К своим двадцати четырём годам у меня случилось два бурных
романа, закончившиеся полным разрывом после предложения руки и
сердца. Не видела я себя в роли жены. То ли песочные часы не
досыпали до нужного этапа, то ли мужчины рядом были не те.
– Игнат, папа работает на вашу семью больше тридцати лет, честно
выполняя свои обязанности, – после дежурных приветствий, начала
свою речь. – Лев Владимирович всегда доверял ему, советовался,
прежде чем принять важное решение. Папа не мог украсть деньги.
Только не он. Ты же знаешь его с детства.
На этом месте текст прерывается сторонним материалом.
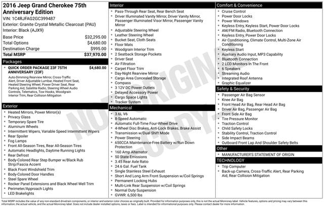 Designed to elevate your driving experience, the 2016 Jeep Grand Cherokee 75th Anniversary Edition is a testament to Jeep's commitment to innovation and craftsmanship. With its impressive capabilities, premium features, and distinctive style, this SUV is poised to exceed your expectations and redefine your idea of what a Jeep can be.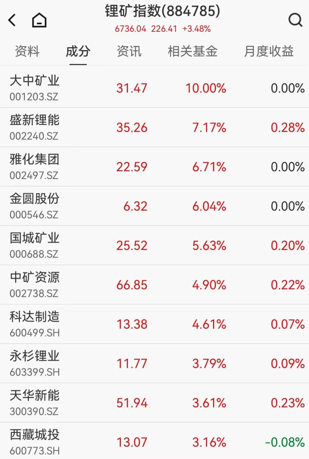 锂矿股连续反弹,大中矿业强势封板,盛新锂能涨超7%,雅化集团涨超6%。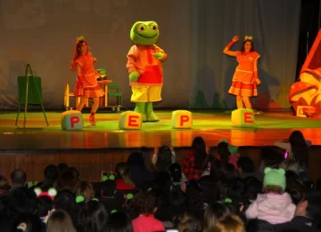 El Teatro Sarmiento recibió un gran contingente de niños de diferentes edades que con mucha ansiedad aguardaban la entrada en escena de El Sapo Pepe. Canciones, alegría y mucha ternura reinó en el espectáculo infantil que se llevó a cabo ayer por la tarde. Las plateas estuvieron colmadas por los pequeños que llevaban vinchas, remeras, golosinas, gorras y hasta disfraces completos del simpático personaje verde que deleitó a todos junto a las Pepas y sus amigos Coco, el bicho bolita y Don Cartero. El espectáculo comenzó cuando Las Pepas (Sofi y Luli) salieron a saludar al público y con una canción ‘despertaron’ a Pepe de su siesta. El grito de alegría de los chicos fue arrollador. Mientras que los padres se mostraban contentos y relajados mirando como sus hijos disfrutaban del show, saltando, bailando y hasta jugando con burbujas que salían desde el escenario.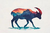 Dit artistieke motief vangt een majestueus berglandschap in een imposant dier in hartstochtelijke kleurtinten. De combinatie van gedurfd blauw en warm oranje wekt een indruk van vrijheid en avontuur. Ideaal voor de woonkamer, het brengt een harmonieuze combinatie van natuur en creativiteit in elke kamer.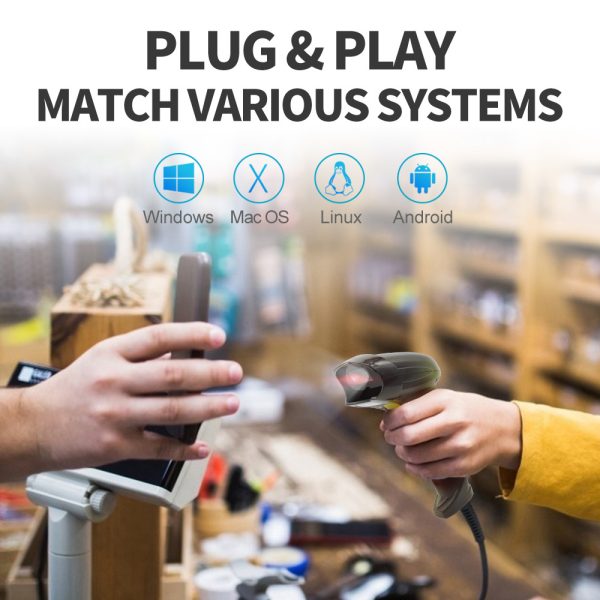 -Scanning depth: QR 9.17 mil (7mil): 6cm – 10cm, Data Matrix 9.17mil (7mil): 7cm – 10cm, code93 5.83mil (14mil): 7cm – 10cm, Refund code 28mil: 10cm – 15cm, WeChat Pay QR Code: 9cm – 45cm

Немцов переплёл пальцы, хрустнув суставами, нарочито медленно
потёр щетину на скуле, окинул меня пренебрежительным взглядом и,
достав из ящика тонкую папку, бросил на стол передо мной.
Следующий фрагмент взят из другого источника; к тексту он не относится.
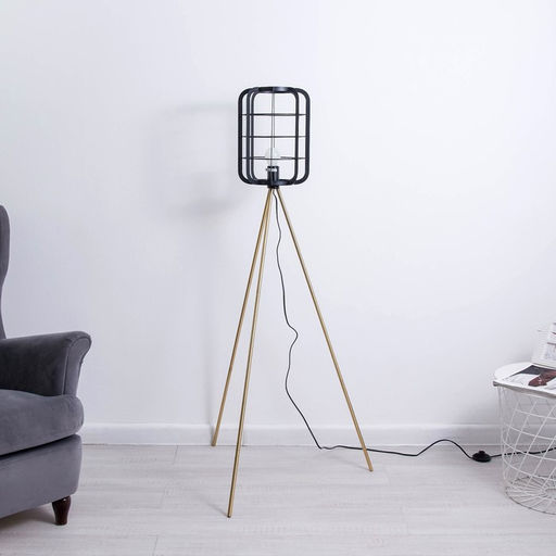 • Торшер «Лофт», E27, 40 Вт, чёрный-золото, 24.5×24.5×140 см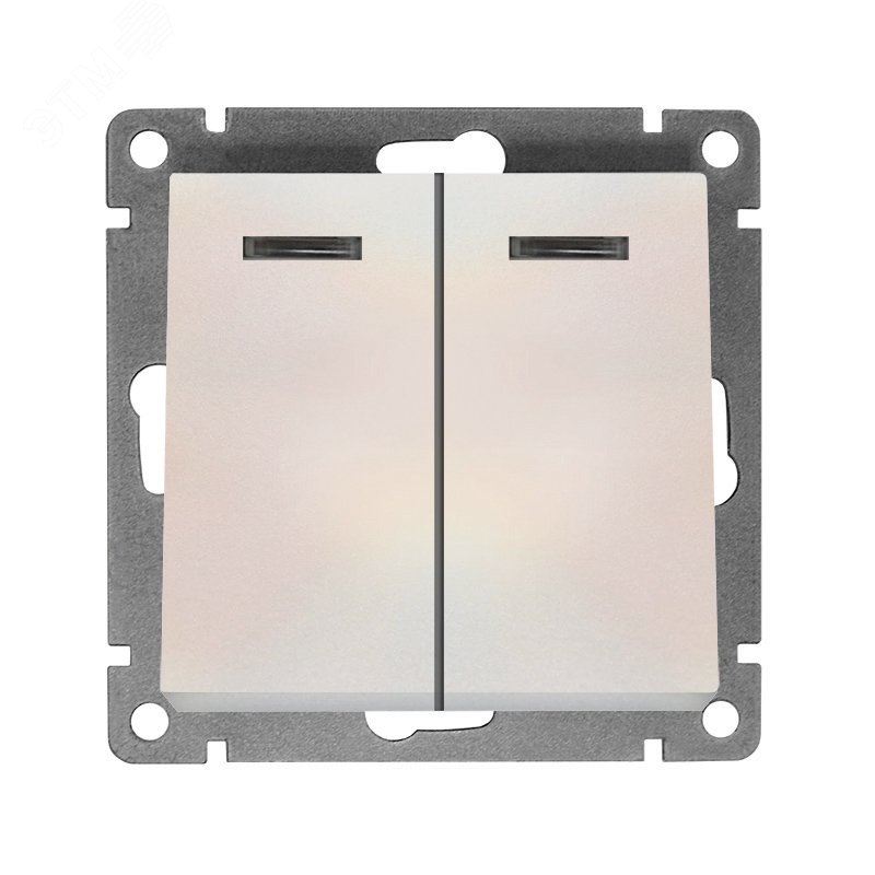 Выключатель двухклавишный с подсветкой серия Афина, с/у, 10А, 220В, жемчуг

– Твой отец не деньги украл, – ровно, с металлической
тональностью произнёс Игнат. – Он обворовал компанию на охрененную
сумму бабла. В евро. Посмотри отчёт службы безопасности и оцени
ущерб.
Если я ещё смогла скрыть нервную дрожь в теле, то подрагивание
пальцев оказалось не в моём подчинение. Папка елозила по
отполированной поверхности, а верхний лист не поддавался захвату.
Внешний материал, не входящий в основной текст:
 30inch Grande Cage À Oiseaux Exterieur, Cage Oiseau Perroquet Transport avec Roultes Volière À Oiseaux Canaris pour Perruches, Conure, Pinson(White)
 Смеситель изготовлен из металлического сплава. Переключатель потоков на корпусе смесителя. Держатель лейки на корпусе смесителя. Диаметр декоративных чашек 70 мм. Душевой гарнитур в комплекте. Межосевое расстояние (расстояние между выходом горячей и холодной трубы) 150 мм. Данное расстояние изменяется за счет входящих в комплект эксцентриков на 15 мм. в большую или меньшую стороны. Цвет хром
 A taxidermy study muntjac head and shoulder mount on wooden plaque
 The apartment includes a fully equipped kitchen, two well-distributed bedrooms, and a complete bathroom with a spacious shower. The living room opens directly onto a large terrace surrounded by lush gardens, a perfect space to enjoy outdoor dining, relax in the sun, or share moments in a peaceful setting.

Казалось, стоит взять его, и по руке полоснёт электрическим
разрядом. Да и что я сейчас могла рассмотреть, когда на белой
бумаге расползались чёрные строчки, отказываясь выстраиваться в
слова.
– Игнат, его подставили, – перевела на мужчину несбыточных грёз
взгляд. – Он бы никогда. Проведи ещё одну проверку, ознакомься с
нашими расходами. Уверена, если бы папа воровал, то мы жили бы на
более широкую ногу.
– Я не собираюсь дополнительно что-то проверять. Моё время
слишком дорого стоит, – Немцов встал, обошёл стол и направился к
двери. – Пусть разбираются в следственном отделе, а твой отец
посидит за решёткой. Думаю, признательных показаний от него
добьются быстро.
Внутри всё заледенело от его слов, грудную клетку разрывало от
сбившегося дыхания, лёгкие, казалось, раздулись, как кузнечные
меха, и отказывались схлопываться обратно, чтобы выпустить
остывающий воздух, впивающийся ледяным иголками.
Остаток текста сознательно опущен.